Merger Is Not a Permissible Form of Plan Termination Under ERISA

In Beck v. Pace International Union, No. 05-1448 (June 2007), the United States Supreme Court held that an employer who is a plan administrator and plan sponsor for a single-employer plan does not have a fiduciary obligation when considering whether to terminate an employee benefits plan governed by ERISA to consider merger into another plan unless the plan documents require it to do so. 

The employer, which was going through bankruptcy, realized that it could recoup $5 million dollars for the benefit of its creditors if it terminated the plan and purchased annuities to cover the plan's obligations to the participants.  The Supreme Court said that the employer's purchase of annuities comported with the provision of ERISA setting forth permissible methods of terminating a single-employer plan and distributing assets, 29 U.S.C. section 1341(b)(3)(A).
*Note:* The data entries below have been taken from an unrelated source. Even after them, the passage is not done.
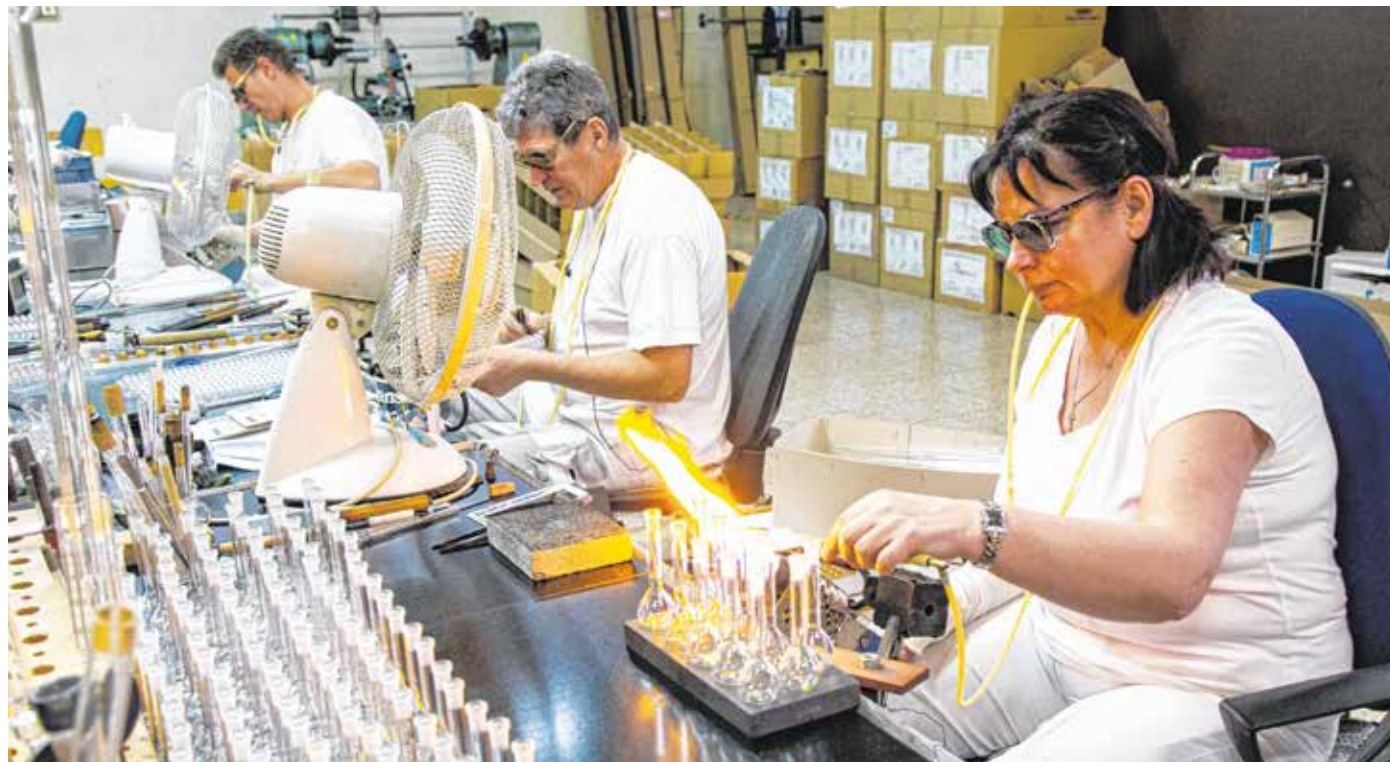
Több mint 60 alkalmazott dolgozik a Csonka Glas Kft.-nél – háztartási és laboratóriumi üvegeket készítenek.

Mint arról lapunkban beszámoltunk (A jövő soproni építése, Soproni Téma, 2021. február 10.), tavaly a soproni vállalkozásokhoz közel 827 millió forint vissza nem térítendő pályázati forrás érkezett. Beruházásai és fejlesztései összértéke több mint 1 milliárd 340 millió forint volt. A Széchenyi Programiroda lapunk elküldött – nyilvános – adatbázisában szerepel, hogy a Gazdaságfejlesztési és Innovációs Operatív Program keretében a 48 helyi cég között a Csonka és Fiai Kft. technológiai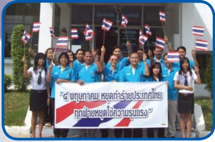
สำนักงานประปาสุรินทร์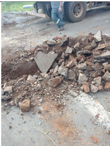
Figura 01 – Execução de Drenos rua Miguel Detoni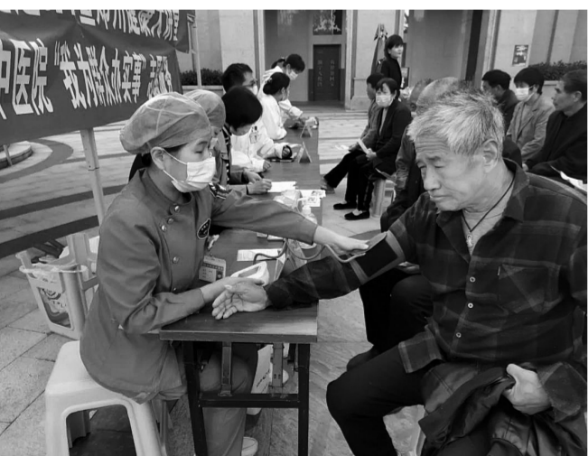
10月13日上午,荣阳市中医院组织十几名医务人员到天悦湾社区10号院开展“关爱老人健康”爱心义诊活动,并讲解常见病防治知识、急救知识等,发放了健康知识宣传资料,受到居民的好评。

当天,郑县中医院党委还为每一位老同志送去了“艾久宝”保健小器材和“九九重阳”健康体检大礼包,希望老人们拥有健康的身体和幸福的晚年。(杜如红 宁健鹏)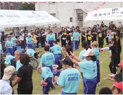
会場一体となり踊る園生と参加者ら

はまゆり学園は昭和50年、「手をつなぐ親の会」として発足。その後、平成元年に現在の名称となる。平成4年社会福祉法人化。平成14年移転、入所者受入を開始する。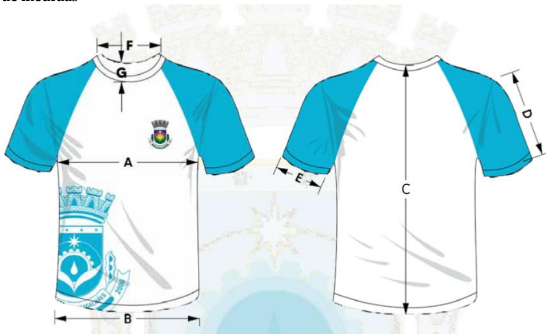
Tabela de medidas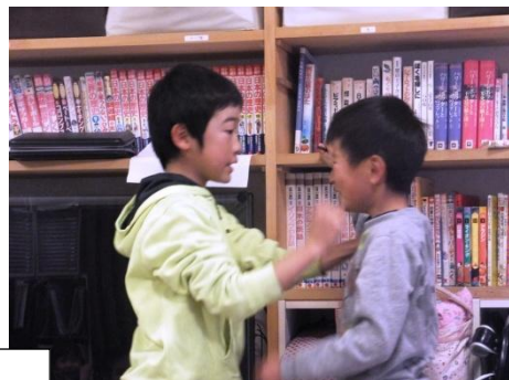
お笑いクラブの年末ライブ

The court made another useful point concerning ERISA fiduciary duties when it noted that although the employer acted as the plan sponsor and plan administrator, ERISA fiduciary duties are implicated only when the employer acts as the plan administrator.  When the employer acts as a plan sponsor, it is acting as a settlor, which is immune from ERISA's fiduciary obligations.

 

Honest Services Fraud Can Require Jail Time

Public employees who take bribes or otherwise receive cash or other gifts in exchange for taking an action within their official exercise of power may be subject to prosecution under 18 U.S.C. § 1346, which could result in jail time.  This type of crime is called "Honest Services Fraud."

The Seventh Circuit Court of Appeals held in U.S. v. Bloom, 149 F.3d 649 (7th Cir. 1998), that the misuse of office for private gain is the line that separates run of the mill breaches of fiduciary duty from a federal crime.  Put another way, this line separates a civil lawsuit (a breach of fiduciary duty) from a federal lawsuit with the potential for jail time.